Muitos dos que partiram somavam todas estas características. E eram, certamente, boas pessoas.
Bjs
Querido neto,
Como sabes, passei o ano na Ericeira, onde vivo. No dia 1, pela manhã, estava eu muito sossegada na esplanada da praia do Sul (o meu poiso) quando começo a ouvir um homem a recitar
«Ó mar salgado/ Quanto do teu sal/ São lágrimas de Portugal…».
Conheço-o bem. Trabalha num restaurante aqui perto mas, à hora do almoço, está sempre aqui na esplanada na conversa com uns amigos.
Estranhei ouvi-lo recitar Fernando Pessoa, mas ele continuava: «Realmente, diante deste mar é só o que apetece dizer… Eu nem conheço o homem que disse isto, mas acho que é um pescador que costuma parar muito por aqui.

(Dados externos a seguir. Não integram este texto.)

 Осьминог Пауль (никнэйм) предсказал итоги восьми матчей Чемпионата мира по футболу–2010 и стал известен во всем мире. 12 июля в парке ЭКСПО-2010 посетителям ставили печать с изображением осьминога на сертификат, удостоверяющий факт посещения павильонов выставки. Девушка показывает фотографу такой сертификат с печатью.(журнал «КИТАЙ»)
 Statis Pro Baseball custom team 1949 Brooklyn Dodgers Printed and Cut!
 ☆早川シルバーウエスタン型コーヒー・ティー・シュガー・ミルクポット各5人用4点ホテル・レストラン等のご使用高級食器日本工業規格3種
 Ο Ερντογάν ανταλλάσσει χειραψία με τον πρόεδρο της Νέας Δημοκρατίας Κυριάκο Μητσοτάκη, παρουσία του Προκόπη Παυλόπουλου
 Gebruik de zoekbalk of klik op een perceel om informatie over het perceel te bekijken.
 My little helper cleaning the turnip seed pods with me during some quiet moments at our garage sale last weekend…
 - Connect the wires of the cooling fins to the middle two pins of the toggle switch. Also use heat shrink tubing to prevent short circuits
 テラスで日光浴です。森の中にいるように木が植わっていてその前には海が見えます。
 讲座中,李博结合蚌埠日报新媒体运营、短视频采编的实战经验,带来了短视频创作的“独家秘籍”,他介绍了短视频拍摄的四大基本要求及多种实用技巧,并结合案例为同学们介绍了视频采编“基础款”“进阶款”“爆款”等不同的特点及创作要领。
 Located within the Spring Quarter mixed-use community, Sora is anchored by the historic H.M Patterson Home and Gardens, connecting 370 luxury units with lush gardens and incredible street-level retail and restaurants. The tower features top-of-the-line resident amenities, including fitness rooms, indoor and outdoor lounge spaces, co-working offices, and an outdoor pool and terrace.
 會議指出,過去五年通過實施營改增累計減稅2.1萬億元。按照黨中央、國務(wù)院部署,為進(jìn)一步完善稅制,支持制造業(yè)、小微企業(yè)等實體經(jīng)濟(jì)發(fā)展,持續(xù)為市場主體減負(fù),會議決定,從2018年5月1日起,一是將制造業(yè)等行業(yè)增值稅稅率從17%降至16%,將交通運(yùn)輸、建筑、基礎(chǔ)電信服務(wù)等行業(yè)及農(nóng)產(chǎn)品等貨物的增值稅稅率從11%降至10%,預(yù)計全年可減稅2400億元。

Foi o que me contaram. Acho que ele vem aqui muito e está sempre a dizer isto. Coitado… Também já podia dizer outra coisa. O mar é uma fonte de inspiração, não acham? Basta olhar para ele e dizemos coisas dessas. Para dizer a verdade, até já ouvi pessoas a dizerem coisas bem melhores que essas. Claro que se o mar é salgado é porque tem sal, não é verdade?».
É claro que os amigos acenavam com a cabeça, para mostrarem que estavam todos de acordo com ele.
Eu estava deliciada a ouvi-lo – e tenho a certeza de que o Fernando Pessoa, esteja ele onde estiver, também deve ter gostado muito do que ouviu.
Realmente, muitas das “Lágrimas de Portugal” têm a ver com os que, tão bem recordaste, nos vão deixando, mas que serão eternamente recordados através da obra que nos deixaram.
Escusado será dizer que no dia 1 de janeiro vi imensa gente a ir ao “primeiro banho do ano” nas gélidas águas da Ericeira.
Este ritual é para muitos como um momento para fazer balanços, mas também como assinalar um recomeço.
O meu, como sabes, é sempre romãs em casa, que vou renovando de ano para ano. A romã não é um fruto fácil! Fazem-me lembrar algumas pessoas. Difíceis por fora, fechadas sobre si mesmas, mas extraordinárias quando se revelam. Só temos de aprender a lidar com elas.